> **What you are asked to do**
Images are not part of the copy; transcribe all the data exactly.

──────── Material provided ────────

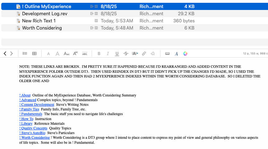 Wow Jim, that’s good to know. I just tested it. I created a new RTF and the font appearance was small. I then zoomed that document so that it was readable to me. I then created another new document and it started out zoomed to the same degree as the new one I’d just created. Then I went back to other RTF’s in the database, and they were also zoomed to the same level, all readable now. Thank you so much.
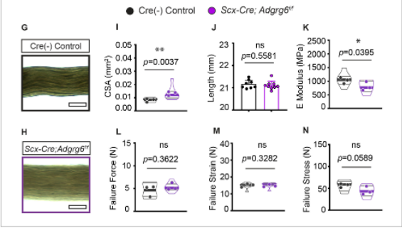 3、生物力学发现:Scx-Cre; Adgrg6f/f小鼠肌腱弹性模量显著降低,证实结缔组织缺陷是侧弯的关键诱因。
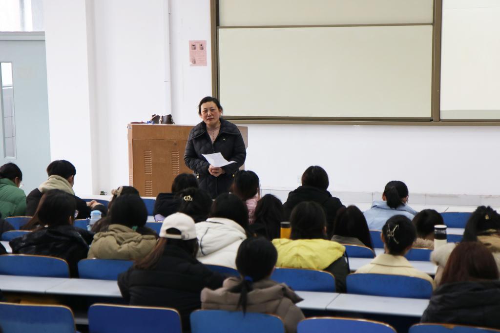 会议伊始,李玲玲对同学们致以新年的问候,同时提醒同学们尽快调整状态,投入新学期的校园生活。随后,她对同学们上一学期的学习、纪律、宿舍卫生及安全等情况进行总结,并提出新学期的要求。她强调,大三下学期是大学生活中的关键学期,同学们应该提升自身执行力,养成良好的学习习惯。随后,李玲玲结合今年考研初试成绩情况,详细讲解了大学毕业后不同的去向选择。她指出,大三学年是同学们人生规划的关键时刻,同学们需要认真思考自己的兴趣、能力和目标,制定出适合自己的未来规划。最后,李玲玲结合真实案例,从电信诈骗、宿舍安全等方面重点强调了校园安全问题,并带领同学们共同观看了安全警示片。
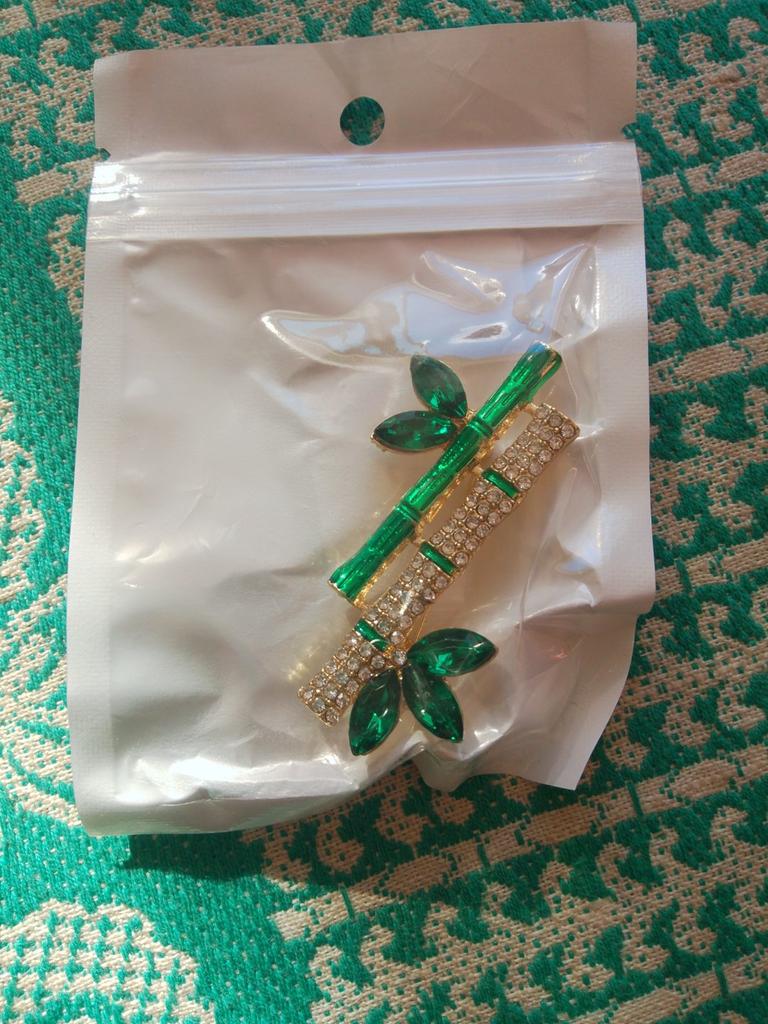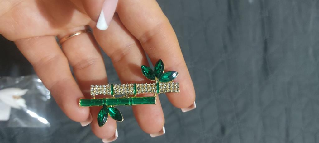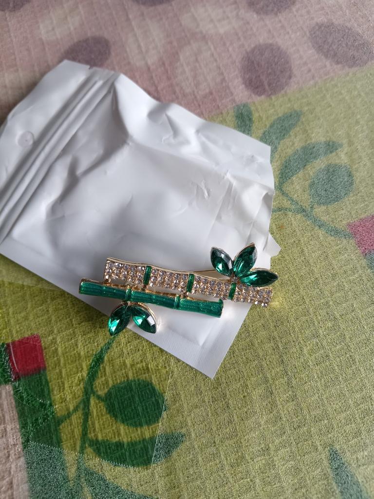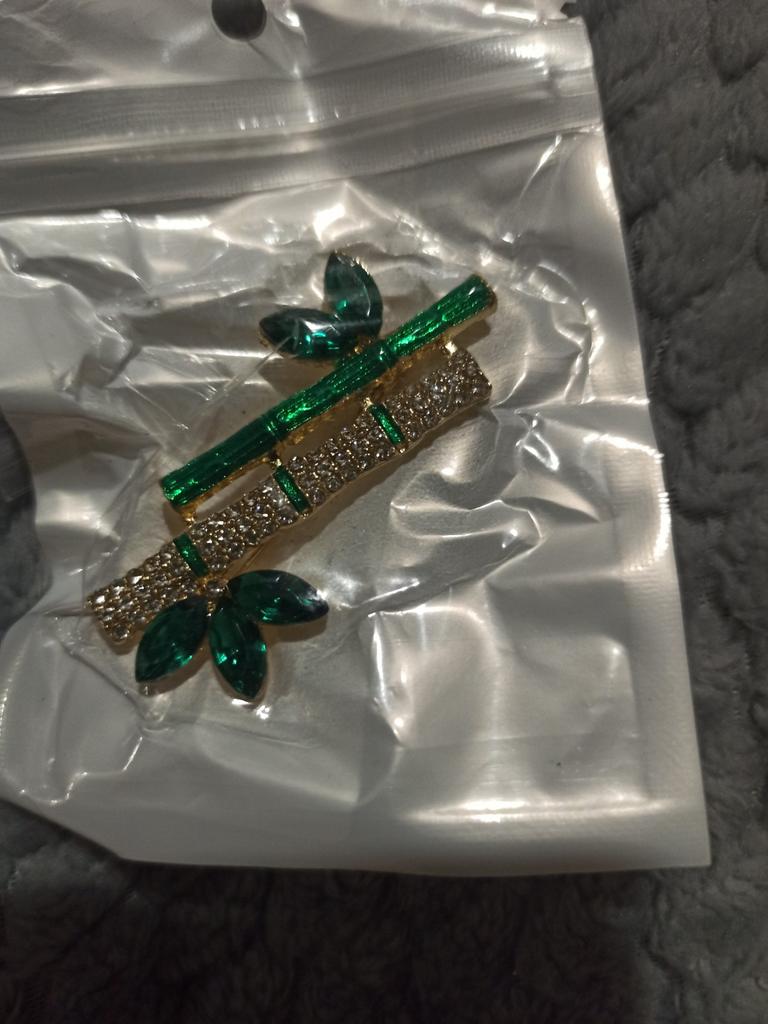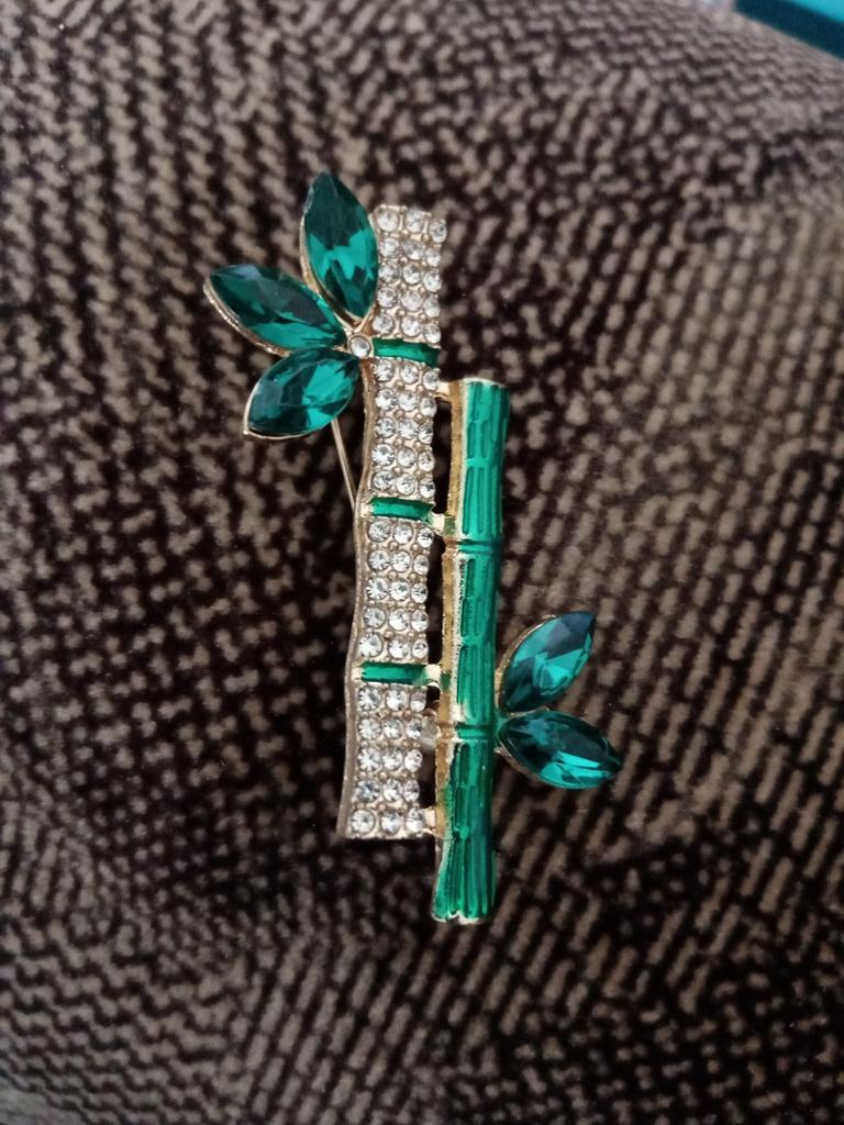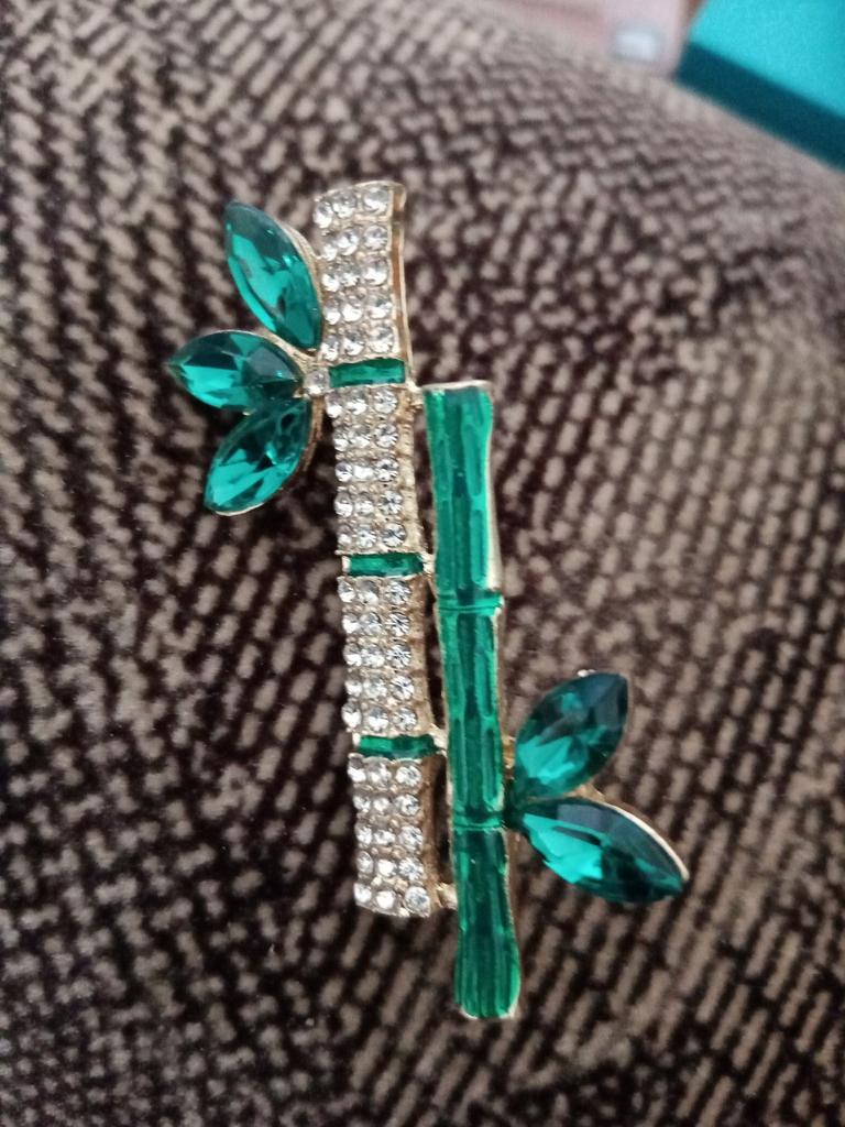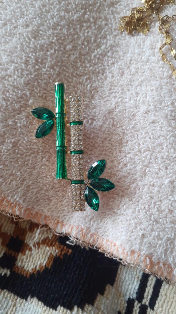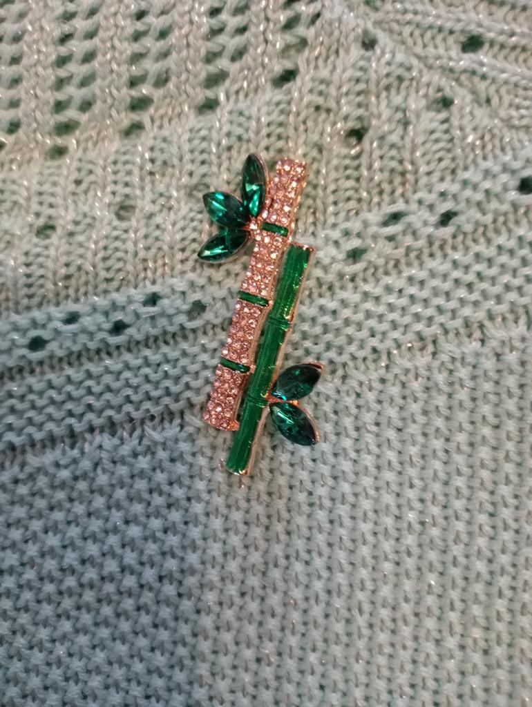Very cool delicate brooch. Unfortunately, the camera shows a turquoise color, but in reality it is a rich green. Arrived quickly, made with high quality. I recommend

────────

> **Reply**
 Wow Jim, that’s good to know. I just tested it. I created a new RTF and the font appearance was small. I then zoomed that document so that it was readable to me. I then created another new document and it started out zoomed to the same degree as the new one I’d just created. Then I went back to other RTF’s in the database, and they were also zoomed to the same level, all readable now. Thank you so much.
 3、生物力学发现:Scx-Cre; Adgrg6f/f小鼠肌腱弹性模量显著降低,证实结缔组织缺陷是侧弯的关键诱因。
 会议伊始,李玲玲对同学们致以新年的问候,同时提醒同学们尽快调整状态,投入新学期的校园生活。随后,她对同学们上一学期的学习、纪律、宿舍卫生及安全等情况进行总结,并提出新学期的要求。她强调,大三下学期是大学生活中的关键学期,同学们应该提升自身执行力,养成良好的学习习惯。随后,李玲玲结合今年考研初试成绩情况,详细讲解了大学毕业后不同的去向选择。她指出,大三学年是同学们人生规划的关键时刻,同学们需要认真思考自己的兴趣、能力和目标,制定出适合自己的未来规划。最后,李玲玲结合真实案例,从电信诈骗、宿舍安全等方面重点强调了校园安全问题,并带领同学们共同观看了安全警示片。
Very cool delicate brooch. Unfortunately, the camera shows a turquoise color, but in reality it is a rich green. Arrived quickly, made with high quality. I recommend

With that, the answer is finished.